Keywords: multi-agent systems, model context protocol, clinical genomics, ACMG, reproducibility, provenance, hash chain, EIP-712, patient consent, GDPR, BioNFT
1. Introduction
1.1 The problem
Clinical variant interpretation is high-stakes, contested, and increasingly assisted by large language models. Three structural weaknesses follow when an LLM is pointed at a genome.
Unauditability. An LLM produces a verdict and a rationale, but there is usually no durable, verifiable link between the words and the exact data the model read. A reviewer cannot later confirm that a stated allele fraction or a cited variant corresponds to a specific file at a specific version. The reasoning is plausible but unprovable.
Single-vendor monoculture. One model carries one training distribution and one set of systematic blind spots. A second instance of the same model tends to agree with the first for the same wrong reasons. Genuine error reduction requires diversity of failure modes, not repetition.
Consent disconnection. The data an agent reads belongs to a patient who may grant or revoke access. Most agent tooling treats data as a static file path, with no notion that access is conditional, revocable, and regulated, and no notion that the transcript of the analysis is itself sensitive.

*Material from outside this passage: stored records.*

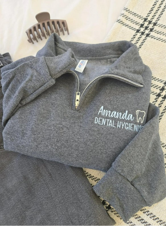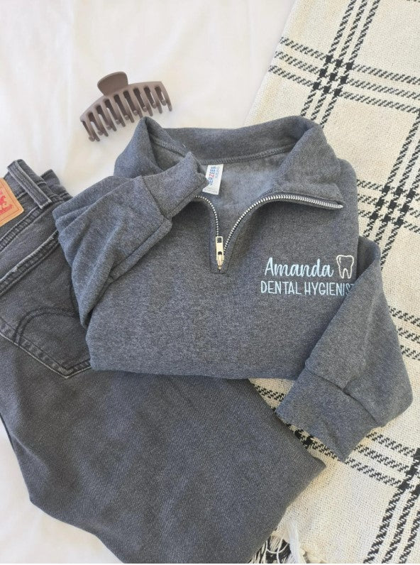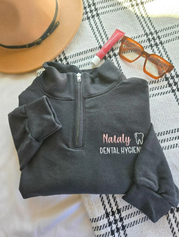 This custom embroidered dental hygienist quarter-zip sweatshirt is the perfect blend of professionalism and comfort. Featuring your name, a subtle tooth design, and your job title, this sweatshirt offers a personalized touch that reflects both your career and your style. With a wide selection of thread colors available, you can customize each piece to suit your preference. Ideal for individual wear or as a coordinated look for the entire dental office, this sweatshirt combines functionality with a personalized, polished appearance.
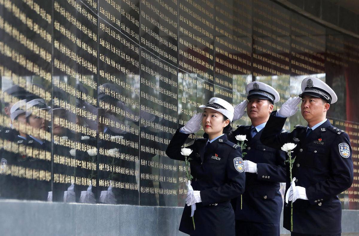 4月2日,荆门市公安局交警支队民警向革命烈士致敬。(视界网 赵平 摄)
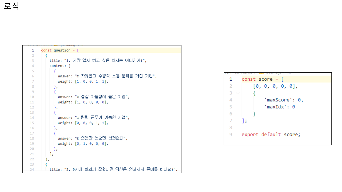 그럼 어떻게 결과를 계산하냐가 이 프로젝트에서 문제였는데 문제 마다 가중치를 적용하여 최종 결과를 누르면 결과 점수가 제일 높은 인덱스를 반환해주는 로직으로 함수를 작성했다.
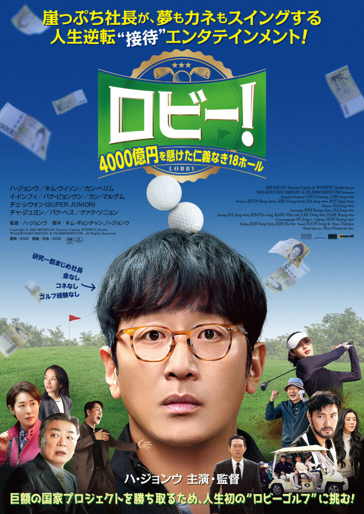 韓国が誇るトップスター、ハ・ジョンウが主演&監督を務めた映画 『ロビー! 4000億円を懸けた仁義なき18ホール』 が、2月27日(金)よりシネマート新宿ほか全国順次公開される。
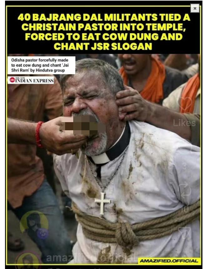 印度牧师遭暴徒强迫吃牛粪,警方反手起诉受害者?三哥这操作也太离谱了! 就在2026年1月4日,印度奥里萨邦发生了一件刷新三观的事:当地基督教牧师比平·比哈里·奈克,正在自家和家人、信徒一起祷告,突然冲进来40多个印度教团体“猴王军”的暴徒。 这群人上来就对牧师一顿棍打,还把只有已婚妇女才用的红色朱砂涂在他脸上,给他戴上拖鞋做的花环游街。更恶心的是,他们还强迫牧师吃下牛粪,甚至还逼他高喊印度教口号“赞美罗摩神”。 牧师的妻子赶紧跑到警察局求助,结果警方居然拒绝立刻出警。等牧师被送到警局后,不仅没得到任何医疗救助,还被反咬一口——警方指控他“强迫他人皈依宗教”,直接把受害者变成了被告。 要知道,这个村子里只有7户基督教家庭,在印度教群体里属于绝对少数。这种赤裸裸的宗教霸凌,加上警方的偏袒,让人看了后背发凉。 牛在印度教里被视为圣物,强迫吃牛粪不只是身体上的羞辱,更是对信仰的践踏。而警方的操作更让人无语,明明是受害者,却被反手起诉,这波操作真是把“双标”写在了脸上。 这件事也让我们看到,在印度少数宗教群体的生存处境有多艰难。暴力霸凌之后,连讨公道的机会都没有,这样的荒诞现实,实在让人唏嘘。无礼的印度人 印度宗教制度 印度极端宗教 印度暴徒 印度宗教习俗 印度牧师 印度教牧师
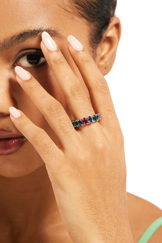 OVAL-CUT LAB-GROWN SAPPHIRE, EMERALD & RUBY VIBRANT ETERNITY RING IN 18K GOLD
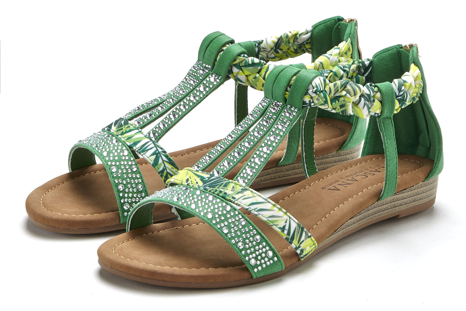 Сандалии с декором VEGAN от LASCANA. Верх из искусственной кожи и текстиля. Подкладка и стелька из искусственной кожи. Синтетическая подошва.

1.2 Previous approaches and why they fall short
Multi-agent orchestration frameworks coordinate tool-using agents, but they keep shared state in process memory, with no cryptographic provenance and no model of patient consent. Multi-agent debate methods improve answers by having models critique each other, but the debate is typically between instances of the same model and leaves no tamper-evident, independently verifiable record. The Model Context Protocol (MCP) standardizes how one client reaches tools and data, but it is a single client-to-server channel, not a substrate for several heterogeneous agents to share mutable state safely. Agent-to-agent messaging protocols define how agents talk, but they do not bind statements to immutable data, enforce consent, or treat the transcript as a regulated artifact. None of these target auditable, reproducible, consent-governed reasoning over a clinical genome.
1.3 Our contribution
This paper presents a protocol that combines, for the first time to our knowledge, three properties in one system aimed at clinical genomics.
- Content-addressed conversation. Every agent claim is bound to the exact immutable data version it was made from, by citing a biocid and a content hash; the turn log is append-only and hash-chained, so the whole record is tamper-evident and re-verifiable offline.

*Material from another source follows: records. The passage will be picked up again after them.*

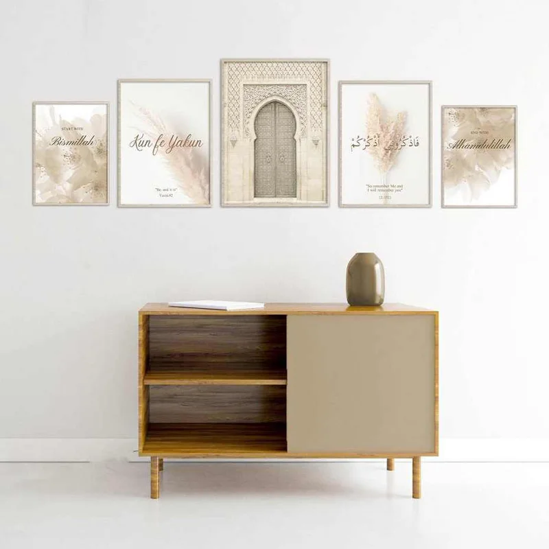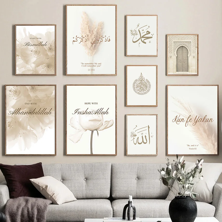 Исламский плакат, бежевый цветок, холст, печать, мечеть Марокко, дв...
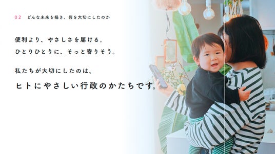 昨年度からは「子育てに、余白を」をテーマに、妊娠期から小学校入学までの“はじめの100か月”に着目し、子育て世帯が直面する行政手続きの煩雑さを解消し、やさしい行政サービスを目指した子育て支援のオンライン化に挑んでいます。
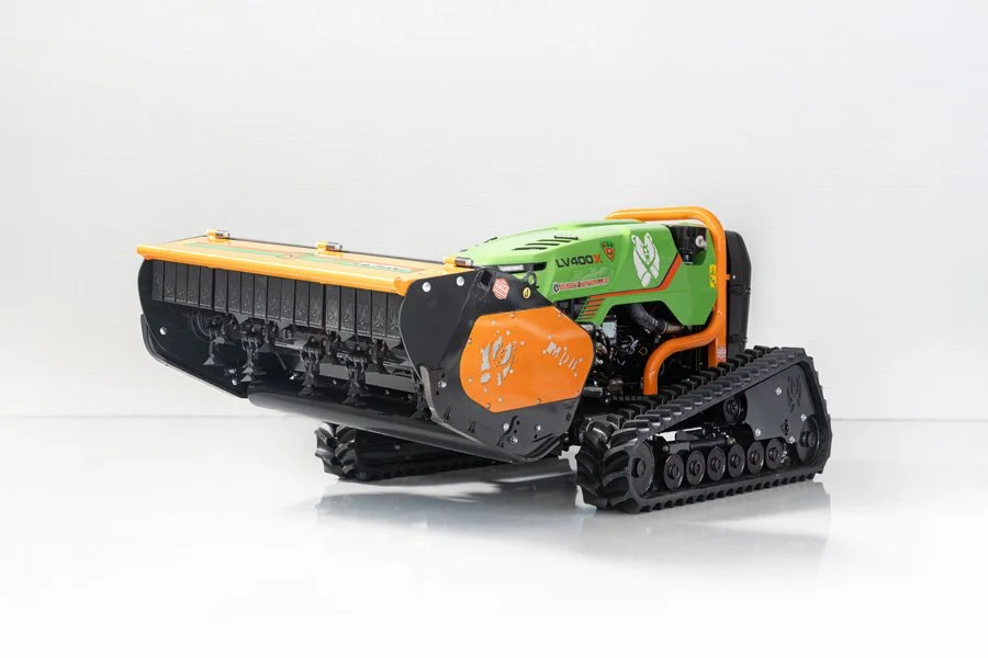 At the front, a latch can be opened using the remote control. Opening the latch allows for shredding vertical branches and small trees and shrubs while closing the latch enables finely mulching the debris on the ground.​

- Cross-vendor adversarial co-interpretation. Agents from different vendors (in our implementation, Anthropic Claude, xAI Grok, and Google Gemini) cross-check each other on one shared workspace; their structured verdicts are compared by a confidence-weighted consensus, so disagreement becomes a measurable signal rather than hidden divergence.
- Consent-gated agent cognition. Agent access to genomic bytes is mediated by a four-tier authorization with revocable, on-chain patient consent (aligned with GDPR Article 17), and the conversation log is governed as a clinical-scope artifact, de-identified by design.
The remainder of this paper describes the architecture (Section 2), the three innovations in mechanism detail (Section 3), the protocol surface (Section 4), reproducibility and verification (Section 5), a worked clinical example (Section 6), the implementation and results (Section 7), security and compliance (Section 8), and limitations and future work (Section 9).
2. System Architecture
2.1 Design principles
Immutability removes the corruption problem. Genomic artifacts (VCF, aligned reads, annotation databases) are write-once and content-addressed. Two agents cannot corrupt a read-only object. Therefore the only shared mutable state that needs concurrency control is the conversation itself.
One authority for order and integrity. A single server, biofs-node, assigns every turn a gap-free monotonic sequence number and links it into a hash chain. Because it is the sole sequencer, the total order is clean and the chain is always well-formed, even when several agents write at once. This is the role a central coordinator plays without requiring agents to trust each other.
Thin clients, shared server-side state. Each agent reaches the workspace through its own MCP server process; all shared state lives server-side. No agent holds authoritative state, so there is nothing to reconcile between them.
2.2 The protocol stack
subscription CLIs, headless, no API tokens"] CLA["claude -p (Claude Opus 4.8)"] GRK["grok -p (Grok Build)"] GEM["gemini -p (Gemini 3)"] MC1["biofs MCP
agent_id=claude-code"] MC2["biofs MCP
agent_id=grok-build"] MC3["biofs MCP
agent_id=gemini-cli"] NODE["biofs-node
single authority: seq + hash-chain + CAS + signature verify + anchor"] DB["MongoDB
append-only turn log, case header, leases"] BIO["Immutable biodata (GCS)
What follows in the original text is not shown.